2 Cor 9, 6 – 10; Sal 111; Jn 12, 24-26.

“Si el grano de trigo no cae en tierra y muere, queda él solo; pero si muere, da mucho fruto”

De seguro este texto nos resulta muy familiar, incluso se ha musicalizado para nuestra celebraciones eucarísticas.

En él, Jesús nos anticipa la “hora” en que será glorificado, que en el evangelio de san Juan se refiere al misterio pascual: pasión, muerte y resurrección.

Nos habla de la capacidad de saber renunciar a aquello –una cosa o una persona– que puede suponernos un bien, pero que también puede ser motivo de tentación para alejarnos de Dios, para ocupar su lugar, haciéndonos caer en la idolatría.

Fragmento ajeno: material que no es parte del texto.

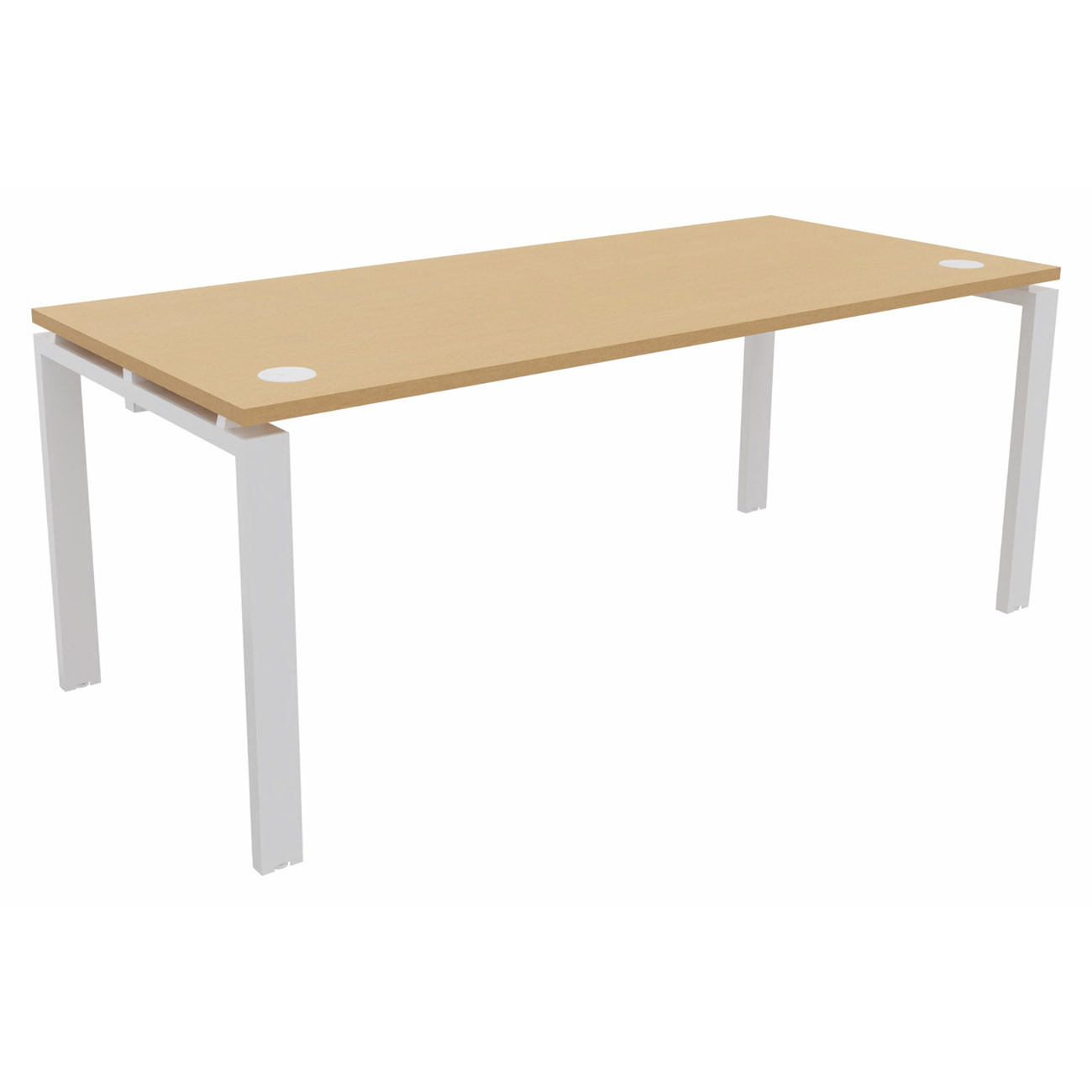 Bureau droit E-link - L.180 x P.80 cm - Plateau Hêtre - Pieds Blanc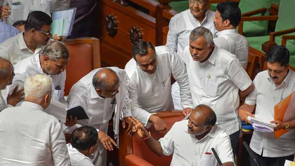 The H D Kumaraswamy government faces a crucial trust vote at 11 am on Thursday.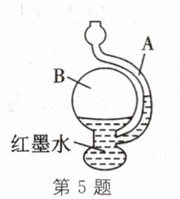 5. 如图所示的“天气预报瓶”是一个创意新品,A玻璃管与大气相通,B为密闭的玻璃球,A与B下部连通。当A管液面明显上升时,往往转为阴雨天气。下列说法正确的是(
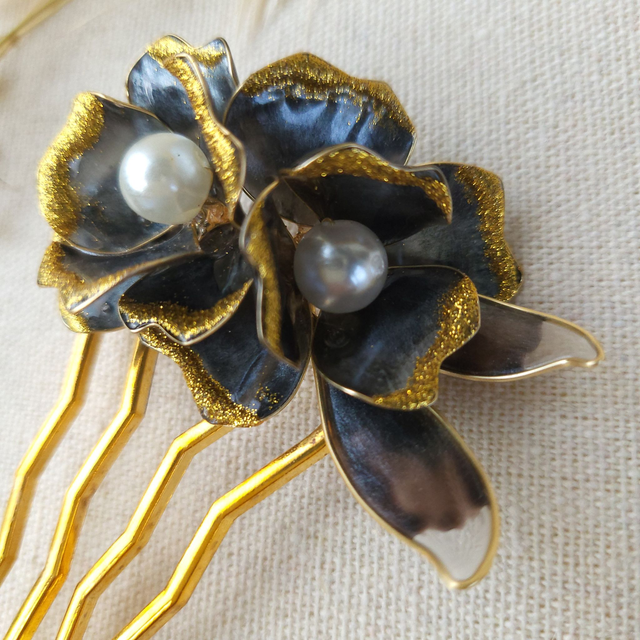 Accessoire de cheveux orné de fleurs en résine noire bordées de paillettes dorées et de perles, pour une coiffure chic et lumineuse.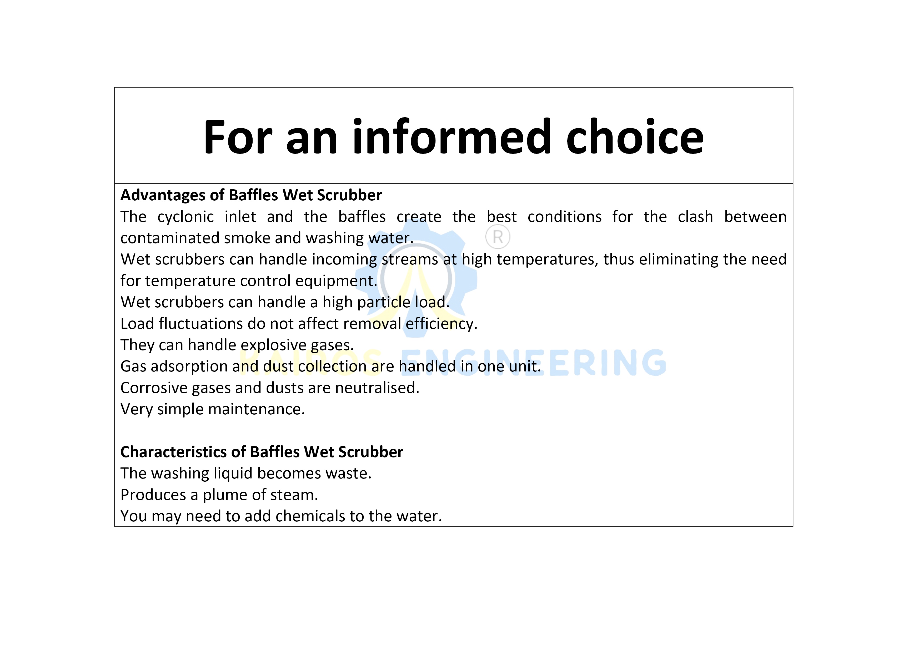 Deflector spray scrubbers are an air pollution control technology. They are very similar to spray towers in design and operation. However, in addition to using the energy provided by the spray nozzles, baffles are added to allow the gas flow to atomize liquid as it passes over them.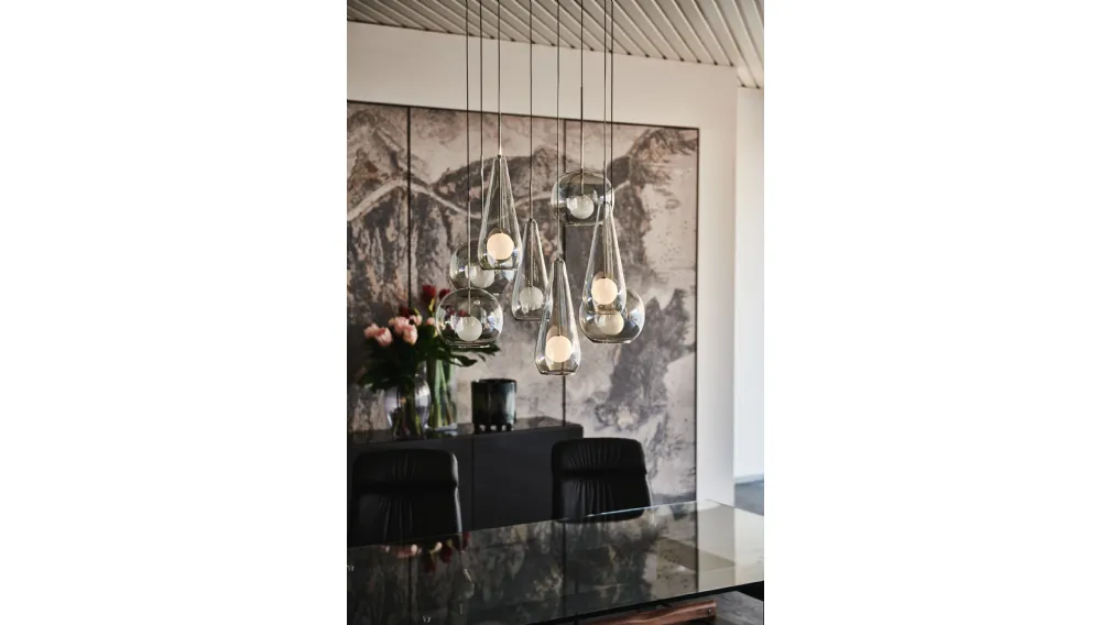 Melody è una composizione dinamica di delicati paralumi in cristallo fumè che sospesi a mezzaria, come note su uno spartito, creano una melodia armoniosa ed elegante. I paralumi sono realizzati in diverse forme e dimensioni, ma un elemento in comune dona un senso di uniformità alla composizione: la lampadina centrale, rotonda come il pallino di una nota musicale. Le lampade di design Melody lasciano la libertà di creare molteplici configurazioni seguendo il proprio gusto personale. Un singolo elemento può essere appeso al soffitto singolarmente o fissato ad un supporto rotondo che ospita da 2 a 12 elementi pendenti, posizionabili a diverse altezze e distanze. Questo elegante lampadario moderno illumina con grande originalità e rende inimitabile un ambiente di design contemporaneo.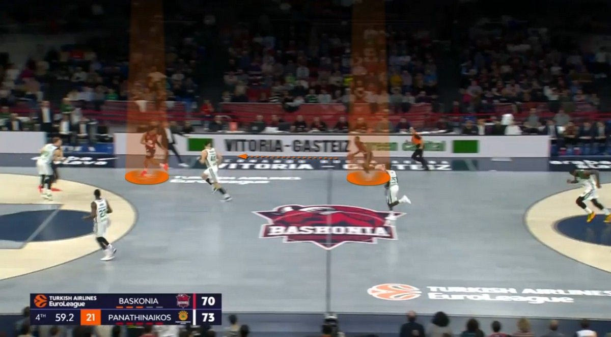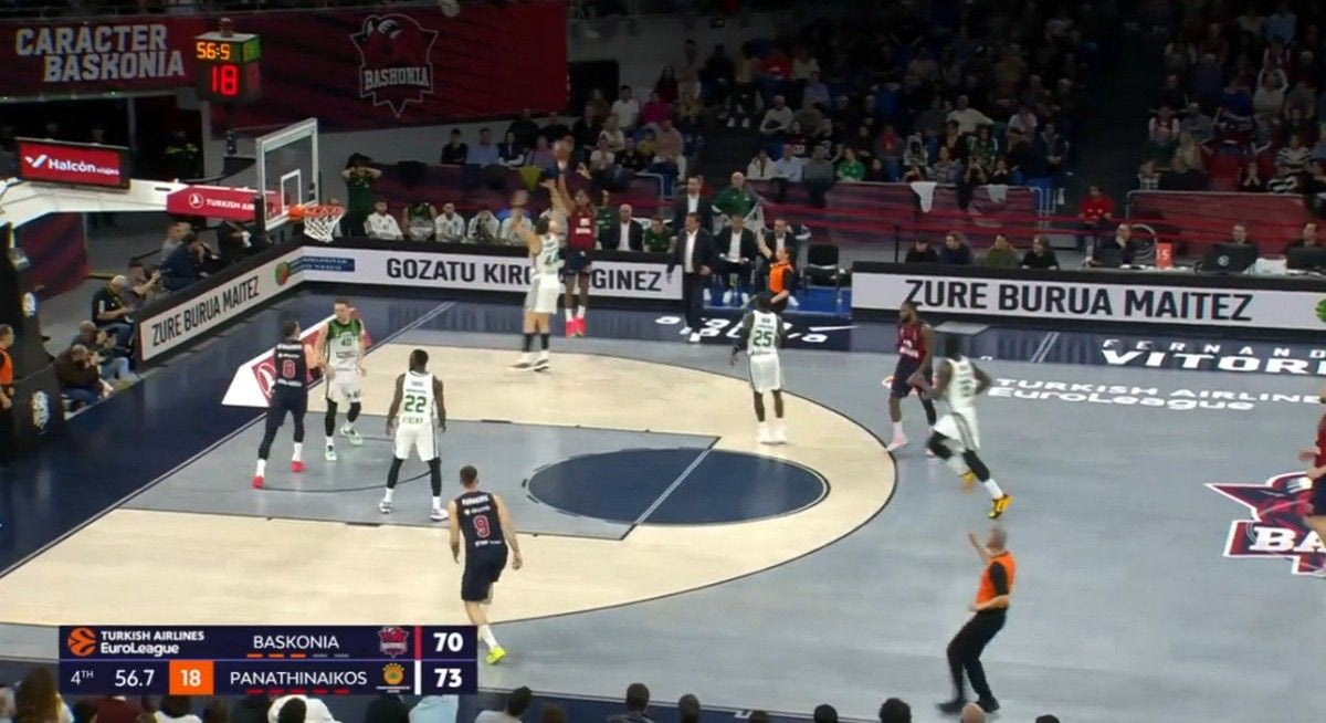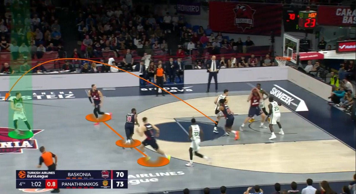 Έχει αναλυθεί ότι το “τριφύλλι” είναι η ομάδα που δέχεται τους περισσότερους πόντους από κάθε στην EuroLeague στο ανοιχτό γήπεδο (11.4 ανά αγώνα). Για τρία δεκάλεπτα έκανε καλή δουλειά κόντρα στην Μπασκόνια, δεχόμενος μόλις 4 πόντους σε τέτοια κατάσταση. Στο τελευταίο 6λεπτο όμως δέχθηκε 7 πόντους στο ανοιχτό γήπεδο, όλους από τον Μονέκε. Ο φόργουορντ των Βάσκων εκμεταλλεύτηκε την αδυναμία των “πράσινων” στο αμυντικό τρανζίσιον (μετάφραση: η μετάβαση από την επίθεση στην άμυνα), κάνοντας σπριντ μετά από κάθε αμυντικό ριμπάουντ.

Jesús pronuncia estas palabras en un contexto de lucha interior (los siguientes versículos hablan más claramente de ello), lo que nos muestra que también nosotros, en calidad de discípulos, podemos pasar por situaciones semejantes. Para afrontarlas con éxito es necesario una docilidad de espíritu hacia al Padre y una confianza total y plena en el Señor, para vencer y no sucumbir. No significa que la cosa sea sencilla, porque incluso se pueden vivir sentimientos y pensamientos de contradicción y de duda, creyendo que nada tiene sentido o que andamos perdidos sin rumbo fijo.

Señor, acompáñanos siempre en nuestro caminar e ilumina nuestro sendero. Amén.

Fuente: “Evangelio y Vida”, comentarios a los evangelios. México.